I noticed that in Figure 1 legend B is difficult to read and legends for C and D panels are missing.

In Figure S7, I was wondering what was corresponding to the gap between c023 and c119 for E4-10which appears to be covered by GC content analysis. Same in panel B for RCC970, between c188 and c258 for which a possible explanation is provided, yet the GC content seems to cover this gap.

Reviewer #3 (Recommendations for the authors):

This is a very thorough analysis and raises many avenues for future work.

I found myself speculating on how the biology of the system is working in terms of the gain-and-loss of EMALEs, with one idea for an analysis that could be done. I am not proposing this as additional work, but I am curious if the authors had already looked into something along this vein. Presumably complete EMALEs are relatively recent acquisitions while fragmented EMALEs have been inactivated by random processes (point mutations followed by larger insertion-deletions) and are therefore more ancient. Have you looked at making phylogenies for the core morphology module genes in the EMALE fragments to see if they represent more basal types?

Below are some points where some additional details would provide clarification.

– Were there other GC-low regions that did not correspond to EMALEs? It is curious that the genome seems so uniformly GC high.

– Do lone ngaro elements seem to be integrated in GC-low regions?

L410 "either of the three fractions" What are the three fractions? Do the authors mean "host", "EMALE" and "NGARO"?

Why were only PacBio reads used to quantify the percentage of EMALE/NGARO and not also the Illumina data? Was it due to GC bias?

L415 "samtools v1.9(47)" Missing space before the citation.

Figure 1

The size of (B) is a bit small so it is a bit hard to decipher with the symbols.

The description of (B) could do with a better description that states the lines represent contigs in decreasing size ordered from left to right and top to bottom.
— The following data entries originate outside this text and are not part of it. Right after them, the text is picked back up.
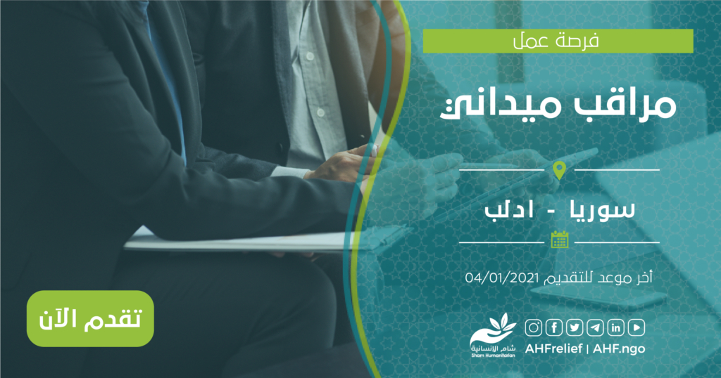 | مراقب ميداني | برنامج الامن الغذائي وسبل العيش | سوريا – ادلب | 04/01/2021 |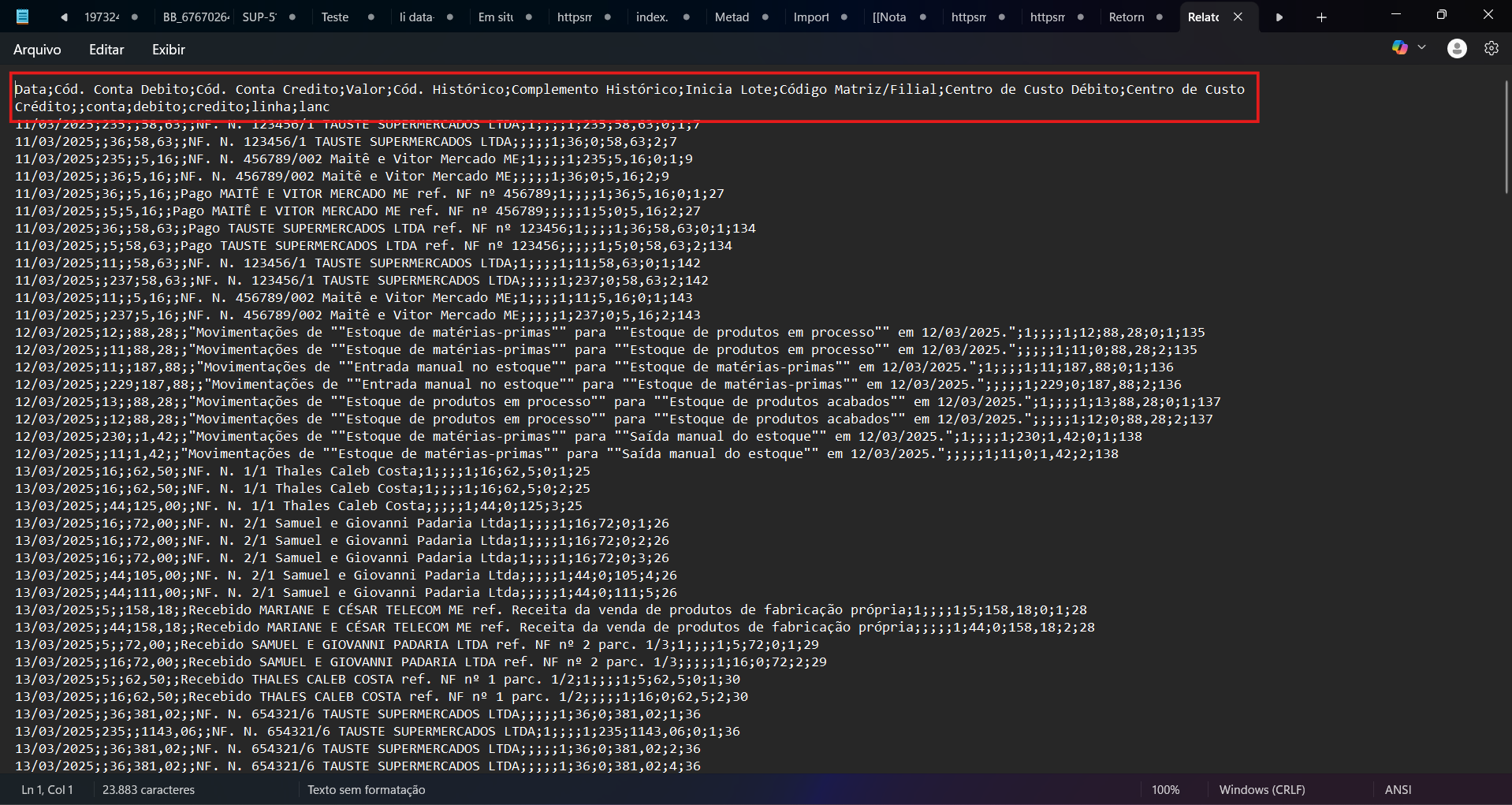 5) Utilize o arquivo .txt para importação no sistema Domínio.
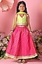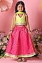 Featuring a pink lehenga for girls in silk blend base with print. It is paired with a green crop top and a dupatta. Accessorize it with matching hair accessories and sandals for a stylish ensemble, ideal for any festive occasion or wedding ceremony.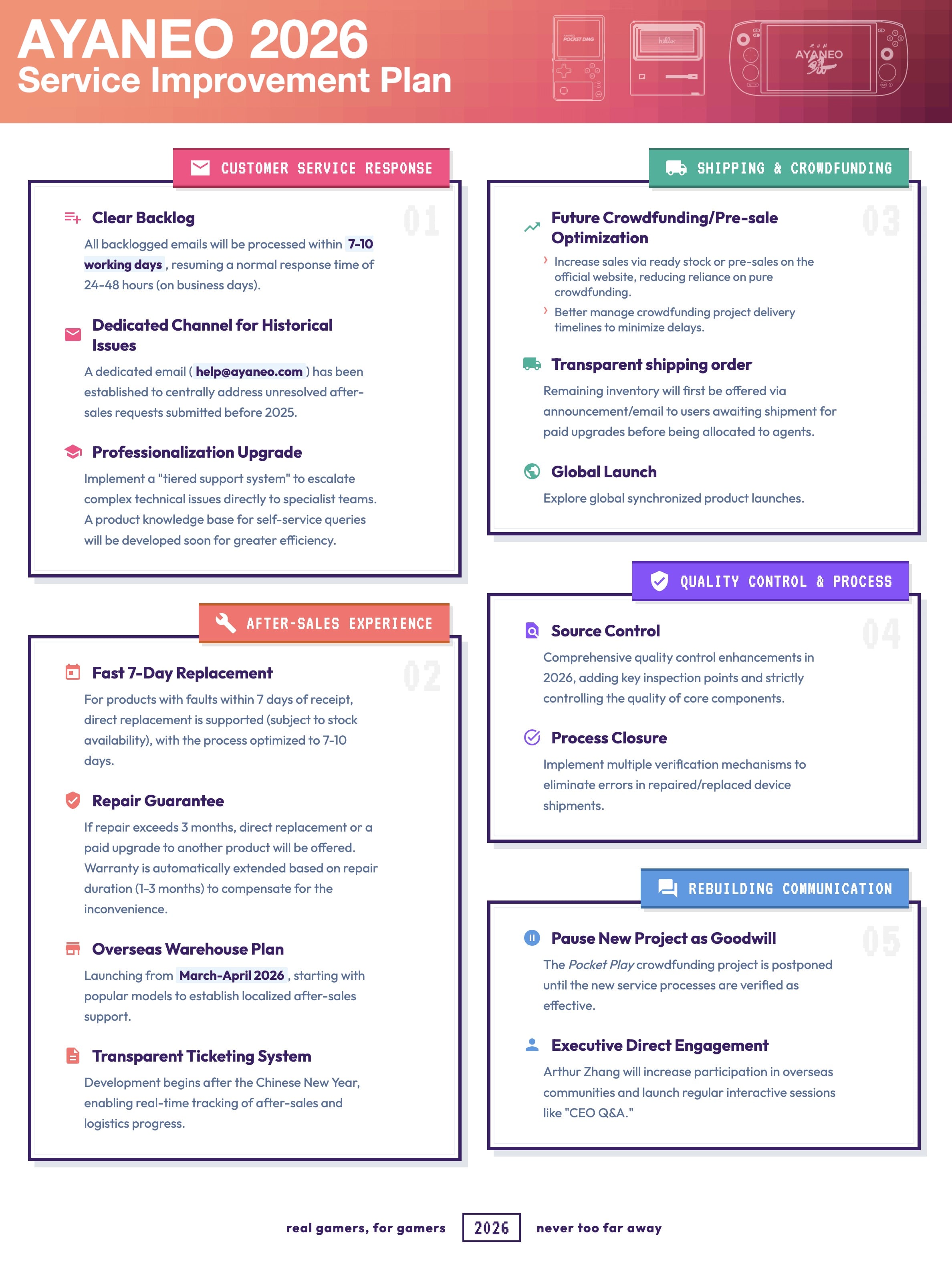 Ayaneo在其社交媒体渠道上发布的2026年服务改进计划涵盖五个主要方面--客户服务响应、售后体验、运输和众筹、质量控制和流程以及重建沟通。以下是改进计划中的一些关键细节:

The legend is missing descriptions for parts (C and D).

Figure 2

A description in the legend of what the terms in the plot "complete" "FALSE" and "TRUE" refer to is needed.

Figure 3.

Perhaps instead of the dashed line separating the region of homology between types 1 and 2, another line at the 5' end would better show it as a block of homology.

What program was used to produce the genomic maps?

https://doi.org/10.7554/eLife.72674.sa1

Author response

Essential revisions:

The reviewers made several suggestions and comments that, if addressed, would significantly strengthen your manuscript and clarify its presentation, so i recommend that you consider them and revise accordingly. In particular, please address the following comment:

1) All reviewers were curious / raised questions about the evolutionary analyses used to identify EMALE and NGARO endogenization and loss and so some clarification from the authors about the specific points raised in their analytical process would be beneficial to the article.

We would like to thank the reviewers and editors for their time and effort to evaluate and improve our manuscript! The comments were very helpful and we have taken great care to address all points accordingly. In particular, we have added two sections to Materials and methods where we describe our procedure of identifying EMALEs and Ngaros in the host genomes (see our responses to reviewer comments 1.1, 1.8). We also extended the discussion towards potential mechanisms of EMALE decay and loss, and modified Figures 1 and Figure 3—figure supplement 3 (previously Figure S7) for more clarity.

Please note we have renamed and re-arranged the supplemental figures to associate each of them with a main figure.

Reviewer #1 (Recommendations for the authors):

Small note on nomenclature. In a few situations the authors use the terms EMALEs and virophage interchangeably, which can be a bit confusing because it is not clear if they are referring to the same thing or if there is some implied difference here (i.e. line 102). This is especially true in the Results section, where it would be clearer to just use EMALE for everything since that term was defined specifically.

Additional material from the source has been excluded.